The researchers used an acoustic camera with an array of 48 microphones that visualises sounds in colours similar to a thermic camera. In this way the sound source was precisely located. "Our images clearly demonstrate that the squeaks are emitted by the mouth and not the trunk", Veronika Beeck explains.
According to the researcher's theory the Asian elephants produce squeaks by pressing air through their tensed lips inducing the lip´s vibration.

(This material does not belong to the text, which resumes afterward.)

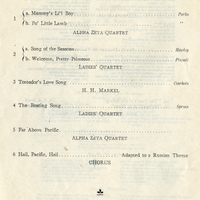 - Choral Union and Glee Club Concert Program, Frances B. Clapp Scrapbook (1905-1909), 49, Pacific University Archives, Forest Grove, Oregon.

This technique equals the human brass players lip buzzing to produce a complex sound whose harmonic overtones are subsequently resonated by the instrument, resulting in its characteristic brassy sound. "Apart from human brass players this technique of lip buzzing to produce sounds has, to our knowledge, not been described in any other animal species and is thus considered unique in the animal kingdom", says Veronika Beeck.
The elephants iconic trumpet on the other hand is produced by a blast of air through the trunk. Here again, however, the vibrating anatomic sound source is not yet conclusively studied.
This new evidence further highlights the elephant´s flexibility in sound production. A few years ago, Angela Stöger-Horwath showed that elephants are capable of learning novel sounds. An Asian elephant in a Korean Zoo, by imitating his trainer, learned to speak some words in Korean. Since only a few elephants in this recent study squeaked the researchers suggest that squeaks might be learned, too.